Conducted with care, this simple
method of putting realistic simulations
in the hands of users is very powerful.
These studies – carried out as part of
an iterative design test process – are
labelled by those engaged in HF as
‘formative’, but this tag has become
mundane and has lost its meaning.
It is worth reflecting that when
referring to ‘formative experience’
in our development – for instance,
as a child or young adult, or early
in our careers – we mean one
with a significant influence on our
subsequent development. HF need
to reclaim the everyday sense of the
word ‘formative’ for the work we
conduct. It really should be formative.
Future Innovation
Historically, identifying targets for
development in inhalers is not the
biggest challenge facing our industry.
Nonetheless, the HF voice will highlight
the promise of certain opportunities
and will weight some benefits
differently than other perspectives.
HF will contribute most significantly
through its impact during innovation.
It provides a mindset and toolkit that
will support the delivery against the
potential of each evolution.
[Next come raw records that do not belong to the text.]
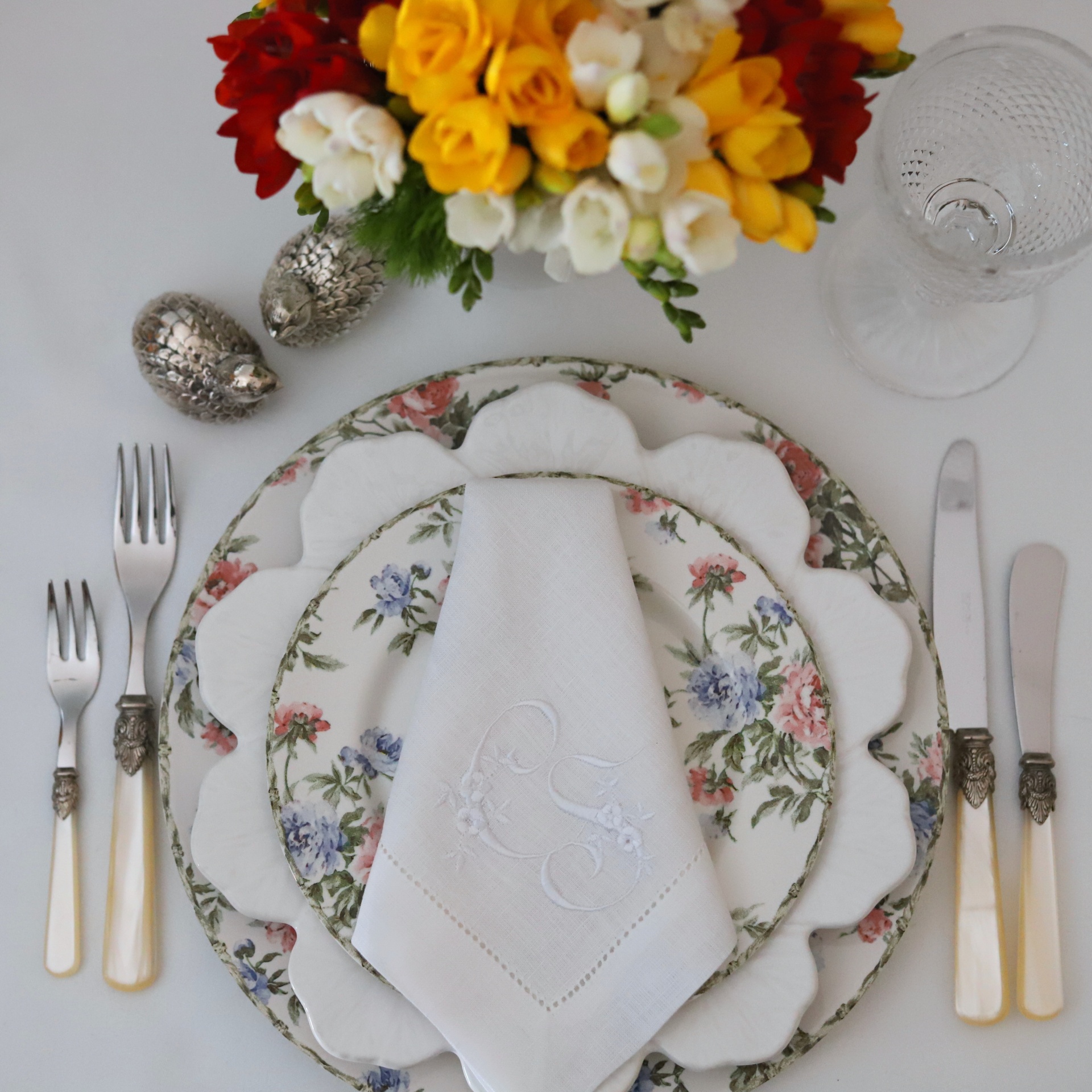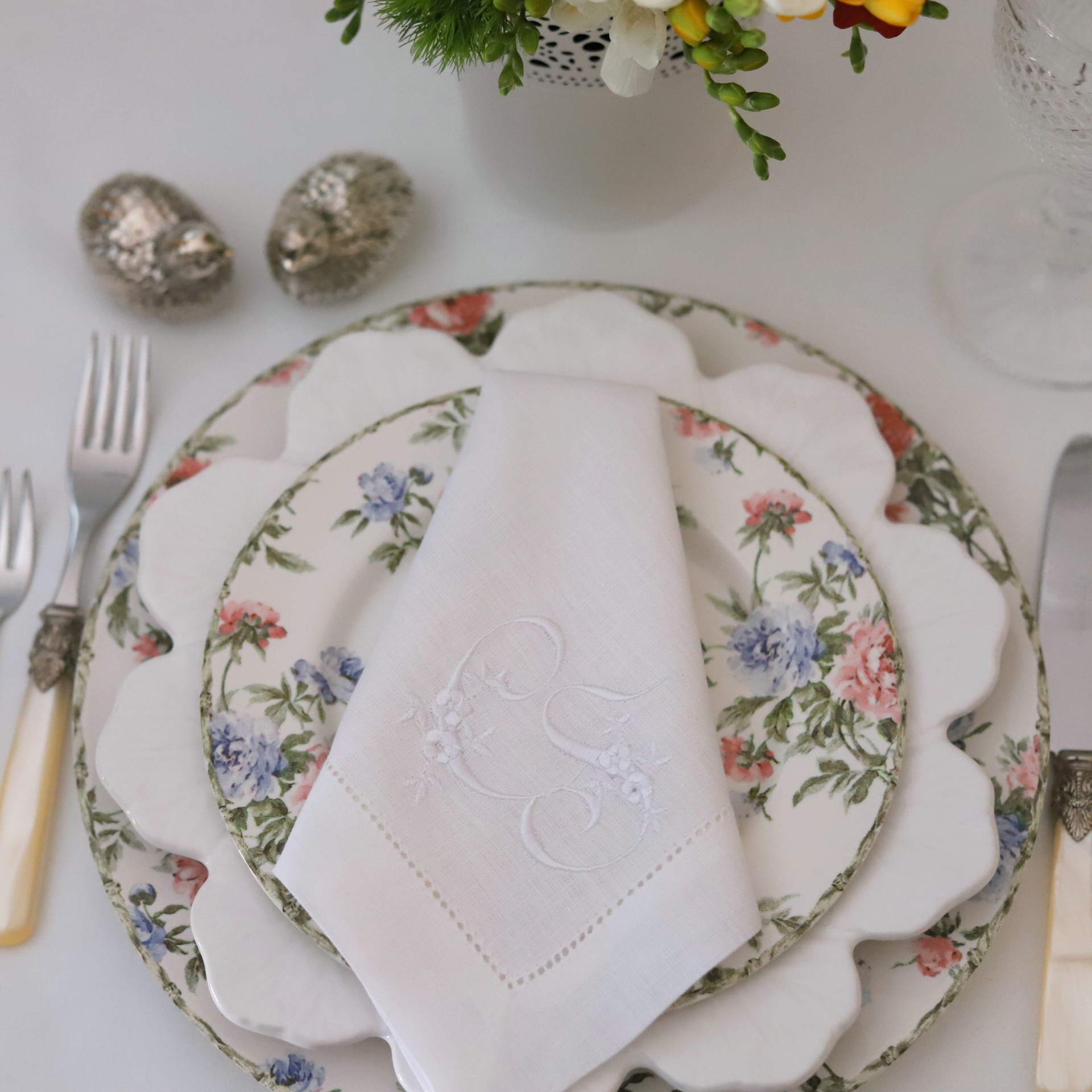 • Mesa posta com pratos florais, guardanapo branco bordado e talheres com cabos creme
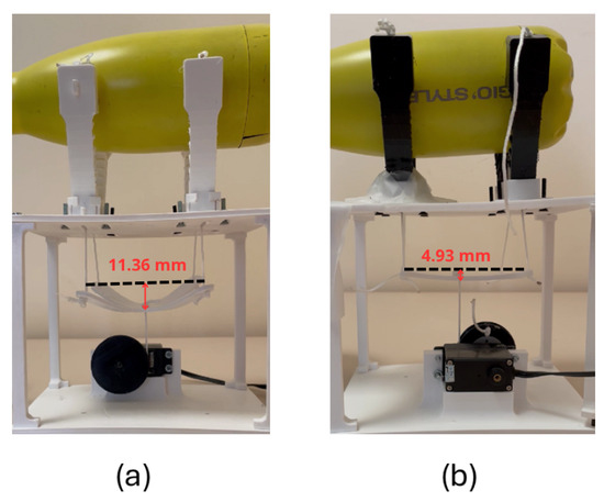 From Figure 12, one can immediately observe that the stiffness of the optimized structure is non-linear, particularly when compared to its more flexible twin, and this behavior becomes more evident at higher load levels. This trend indicates that the optimized differential system does not exhibit a constant stiffness with increasing forces. Nevertheless, to provide a quantitative evaluation of the different flexibilities of the two differentials, the stiffness was calculated by approximating both the curves with lines. The results showed that the cross and optimized structures have, respectively, a stiffness of 2.04 N/mm and 2.47 N/mm. A behavior in agreement with these characteristic curves was further studied by performing full-grasp experiments with the two differential systems mounted on the robotic gripper. The test setup comprised a phone camera with 1080p resolution at 60 fps and a tripod to support the phone that was placed perpendicular to the gripper. The gripper was placed on a rigid table and remotely actuated by a controller with two switches. The video tracking software that was used was the Tracker—Video Analysis and Modeling Tool v. 6.2.0 (Open Source Physics, USA National Science Foundation, Virginia (USA)), which allowed us to record videos using arbitrary reference systems and to track specific points during motion. The results of these tests in terms of maximum displacement are reported in Figure 13, where the operation of the gripper equipped with the two types of differential structure is illustrated, revealing a notable contrast in deformations.
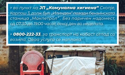 Кабастиот отпад (застарен мебел, електричен и електронски отпад) граѓаните можат да го одложат во пунктот на ЈП „Комунална хигиена“ Скопје, во Карпош 3, долж булеварот „Илинден“,...
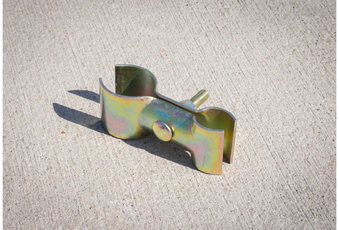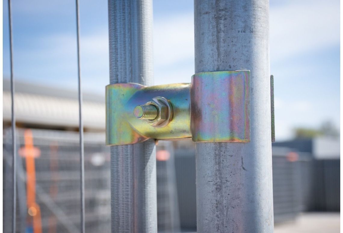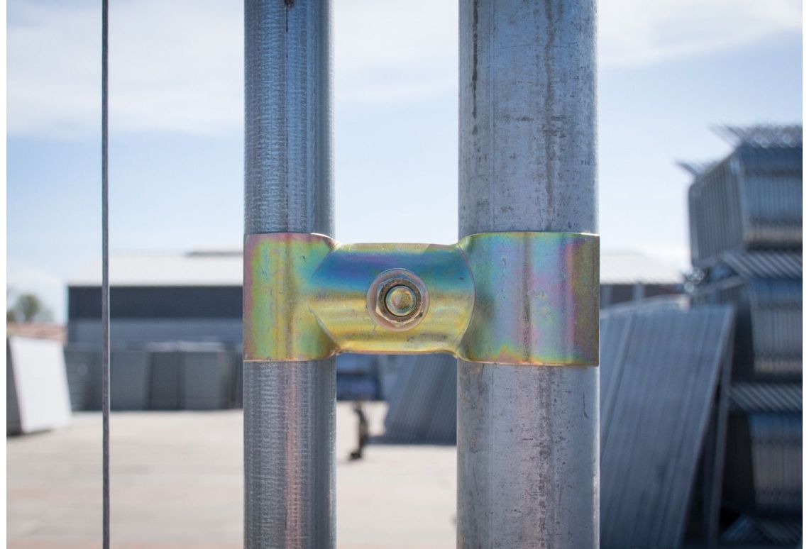 Vervolgens koppel je de bouwhekken aan de losse buis met een bouwhekklem 42/60. Het 42 mm-gedeelte klemt om de staander van het bouwhek, terwijl het 60 mm-gedeelte om de losse buis gaat.
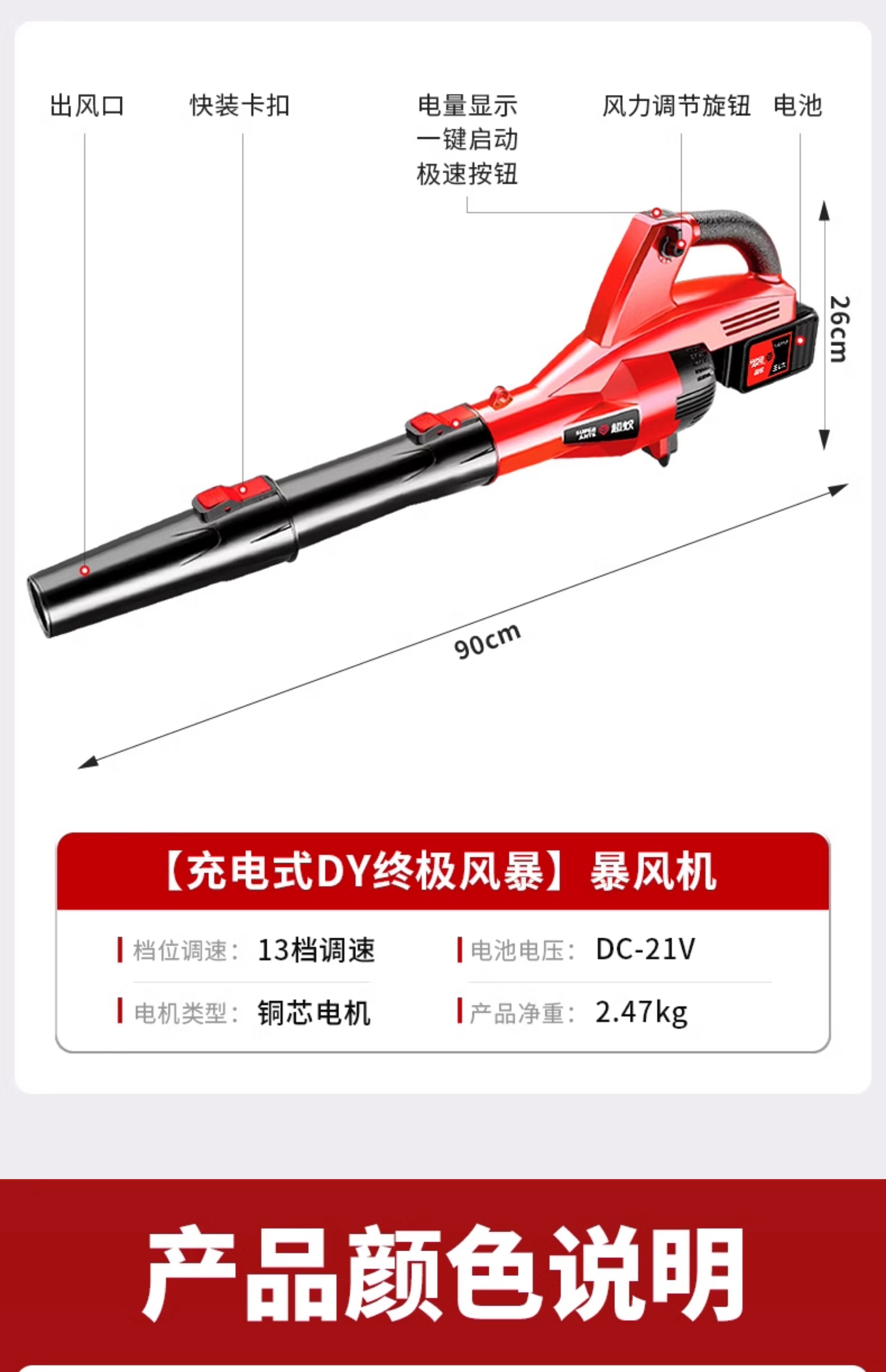 • 레벨 27 풍력 - DY 스톰 [모델] 6.0Ah 폭풍우 기계, 1회 충전 및 1회 충전
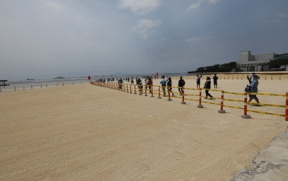 As people flocked to the newly opened Manila Bay "white sand beach," the Department of Tourism (DOT) reminded the public to follow all safety and health protocols to prevent the spread of coronavirus disease (Covid-19) while appreciating the beach nourishment project. View
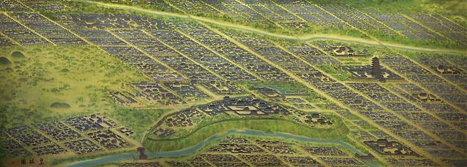 | ▲ 황성도(皇城圖) 삼국통일 전후의 전성기 서라벌을 그린 황성도. 월성과 대릉원, 황룡사가 랜드마크(Land Mark)처럼 우뚝하다. 방리제(坊里制)로 구획한 격자형 가로망이 정연하다. 삼국유사가 대도시 서라벌의 위용을 묘사했다. |
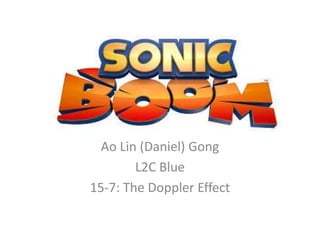 This document discusses sonic booms and the conditions needed to create them. Sonic booms occur when an object moves faster than the speed of sound in air. This creates shock waves that combine into a loud boom sound. For a sonic boom to occur, the object's speed must exceed the speed of sound. As it passes a stationary observer, they will hear the boom after the object passes, as the compressed sound waves reach the observer. Famous examples of objects breaking the sound barrier and creating sonic booms include supersonic jets and the fictional character Sonic the Hedgehog.
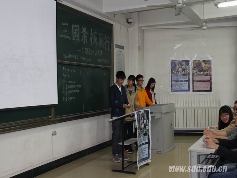 [本站讯]3月29日,“三国杀·校园行”知识竞赛活动在兴隆山校区举行,本次活动由信息科学与工程学院学生会和山大三国杀社团联合举办。
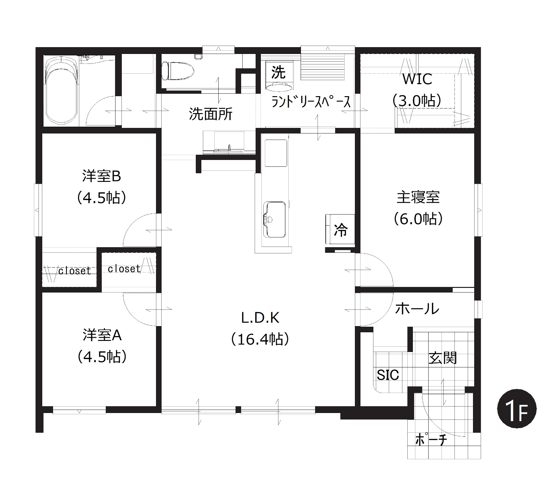3帖のウォークインクローゼットは棚とハンガーパイプ付きで収納力抜群。寝室とランドリーの両方からアクセスでき、着替えや洗濯物の出し入れがスムーズ。家事と暮らしが快適につながる設計です。
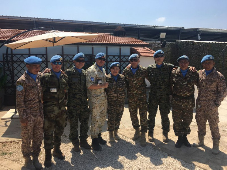 С коллегами из штаба перед вручением медалей за вклад в миротворчество, UNP 2-3, Шама, Ливан, 2019 год
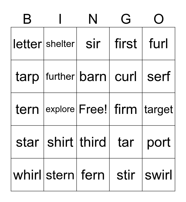 This bingo card has a free space and 45 words: hurt, swirl, twirl, whirl, girl, stir, sir, hurl, furl, stern, first, firm, third, shirt, skirt, fern, term, tern, verb, serf, shelter, confirm, sister, letter, better, target, garden, bar, tar, star, short, port, sport, fork, fort, explore, corn, born, birth, barn, tarp, curl, burst, further and spur.
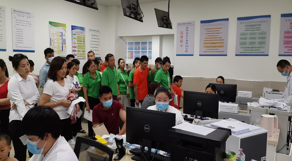工作人员现场登记,包车接送企业员工前来接种
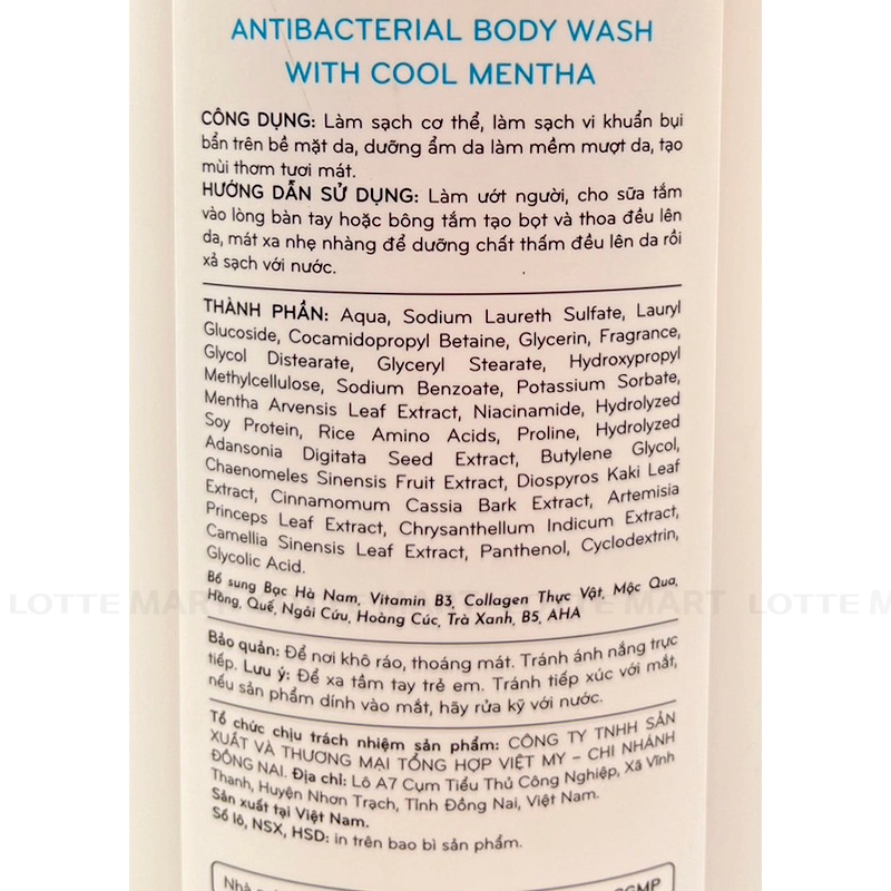 - Sữa tắm giúp làm sạch cơ thể, làm sạch bụi bẩn trên bề mặt da, dưỡng ẩm da, làm mềm mượt da, tạo mùi thơm tươi mát cùng hương bạc hà.

Small-
scale, formative studies will play a
key role in ensuring that our realities
match our aspirations.
My experience is that the HF mindset
is, indeed, novel; it makes a different
contribution to both clinical and market
research mindsets, for example. No
single perspective is sufficient to guide
an inhaler development – HF, design
and engineering viewpoints are all
necessary. The joy is, as it should be,
in collaboration.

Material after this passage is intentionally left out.